[Extracted data entries]
▶

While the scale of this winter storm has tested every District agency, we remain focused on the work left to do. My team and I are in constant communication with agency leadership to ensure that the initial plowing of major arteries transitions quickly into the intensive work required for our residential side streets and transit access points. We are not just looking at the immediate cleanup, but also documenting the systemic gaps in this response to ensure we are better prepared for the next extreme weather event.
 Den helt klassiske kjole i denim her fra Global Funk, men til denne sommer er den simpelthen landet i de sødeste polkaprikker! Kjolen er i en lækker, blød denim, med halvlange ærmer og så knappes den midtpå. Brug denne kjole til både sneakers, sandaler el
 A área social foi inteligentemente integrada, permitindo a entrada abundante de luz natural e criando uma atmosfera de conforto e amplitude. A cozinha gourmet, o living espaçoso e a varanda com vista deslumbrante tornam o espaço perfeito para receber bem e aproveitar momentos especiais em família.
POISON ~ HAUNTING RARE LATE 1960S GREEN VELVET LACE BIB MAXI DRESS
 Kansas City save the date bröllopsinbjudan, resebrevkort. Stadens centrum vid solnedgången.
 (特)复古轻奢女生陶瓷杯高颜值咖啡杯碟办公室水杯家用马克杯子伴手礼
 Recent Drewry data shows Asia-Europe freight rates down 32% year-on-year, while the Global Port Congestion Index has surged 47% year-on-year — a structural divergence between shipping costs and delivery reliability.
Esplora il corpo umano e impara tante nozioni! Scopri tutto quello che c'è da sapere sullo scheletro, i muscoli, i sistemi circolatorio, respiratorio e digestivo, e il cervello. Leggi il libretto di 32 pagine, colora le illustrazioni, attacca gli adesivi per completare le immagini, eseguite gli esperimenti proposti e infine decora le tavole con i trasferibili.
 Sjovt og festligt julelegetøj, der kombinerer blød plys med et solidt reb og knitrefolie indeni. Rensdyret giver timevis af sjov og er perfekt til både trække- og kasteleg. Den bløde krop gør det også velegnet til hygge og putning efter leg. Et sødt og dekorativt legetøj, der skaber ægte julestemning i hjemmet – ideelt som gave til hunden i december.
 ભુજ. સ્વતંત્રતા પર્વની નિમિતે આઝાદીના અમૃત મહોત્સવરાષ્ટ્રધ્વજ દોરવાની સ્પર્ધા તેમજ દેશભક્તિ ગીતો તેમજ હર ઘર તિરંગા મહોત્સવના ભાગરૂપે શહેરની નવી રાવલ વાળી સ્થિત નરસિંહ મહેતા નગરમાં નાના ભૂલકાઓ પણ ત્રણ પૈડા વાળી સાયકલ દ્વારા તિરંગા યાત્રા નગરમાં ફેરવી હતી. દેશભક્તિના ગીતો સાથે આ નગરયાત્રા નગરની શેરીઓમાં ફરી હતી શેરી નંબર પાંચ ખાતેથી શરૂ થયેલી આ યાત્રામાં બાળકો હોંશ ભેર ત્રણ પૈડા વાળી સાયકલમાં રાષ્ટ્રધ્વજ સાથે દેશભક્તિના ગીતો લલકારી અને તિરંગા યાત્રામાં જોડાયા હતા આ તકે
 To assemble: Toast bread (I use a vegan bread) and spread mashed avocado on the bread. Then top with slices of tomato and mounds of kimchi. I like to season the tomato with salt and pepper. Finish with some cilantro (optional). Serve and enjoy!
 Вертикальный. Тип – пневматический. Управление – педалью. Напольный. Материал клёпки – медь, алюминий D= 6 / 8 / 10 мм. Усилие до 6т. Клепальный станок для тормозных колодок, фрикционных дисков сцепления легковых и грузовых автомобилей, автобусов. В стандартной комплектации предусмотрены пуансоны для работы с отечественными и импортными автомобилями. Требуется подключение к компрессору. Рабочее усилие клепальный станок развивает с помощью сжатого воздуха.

◀

What to produce: From the line containing "ભુજ. સ્વતંત્રતા પર્વની" down to the last line of the records above, print every line exactly, with both ends kept.

Response box:
 ભુજ. સ્વતંત્રતા પર્વની નિમિતે આઝાદીના અમૃત મહોત્સવરાષ્ટ્રધ્વજ દોરવાની સ્પર્ધા તેમજ દેશભક્તિ ગીતો તેમજ હર ઘર તિરંગા મહોત્સવના ભાગરૂપે શહેરની નવી રાવલ વાળી સ્થિત નરસિંહ મહેતા નગરમાં નાના ભૂલકાઓ પણ ત્રણ પૈડા વાળી સાયકલ દ્વારા તિરંગા યાત્રા નગરમાં ફેરવી હતી. દેશભક્તિના ગીતો સાથે આ નગરયાત્રા નગરની શેરીઓમાં ફરી હતી શેરી નંબર પાંચ ખાતેથી શરૂ થયેલી આ યાત્રામાં બાળકો હોંશ ભેર ત્રણ પૈડા વાળી સાયકલમાં રાષ્ટ્રધ્વજ સાથે દેશભક્તિના ગીતો લલકારી અને તિરંગા યાત્રામાં જોડાયા હતા આ તકે
 To assemble: Toast bread (I use a vegan bread) and spread mashed avocado on the bread. Then top with slices of tomato and mounds of kimchi. I like to season the tomato with salt and pepper. Finish with some cilantro (optional). Serve and enjoy!
 Вертикальный. Тип – пневматический. Управление – педалью. Напольный. Материал клёпки – медь, алюминий D= 6 / 8 / 10 мм. Усилие до 6т. Клепальный станок для тормозных колодок, фрикционных дисков сцепления легковых и грузовых автомобилей, автобусов. В стандартной комплектации предусмотрены пуансоны для работы с отечественными и импортными автомобилями. Требуется подключение к компрессору. Рабочее усилие клепальный станок развивает с помощью сжатого воздуха.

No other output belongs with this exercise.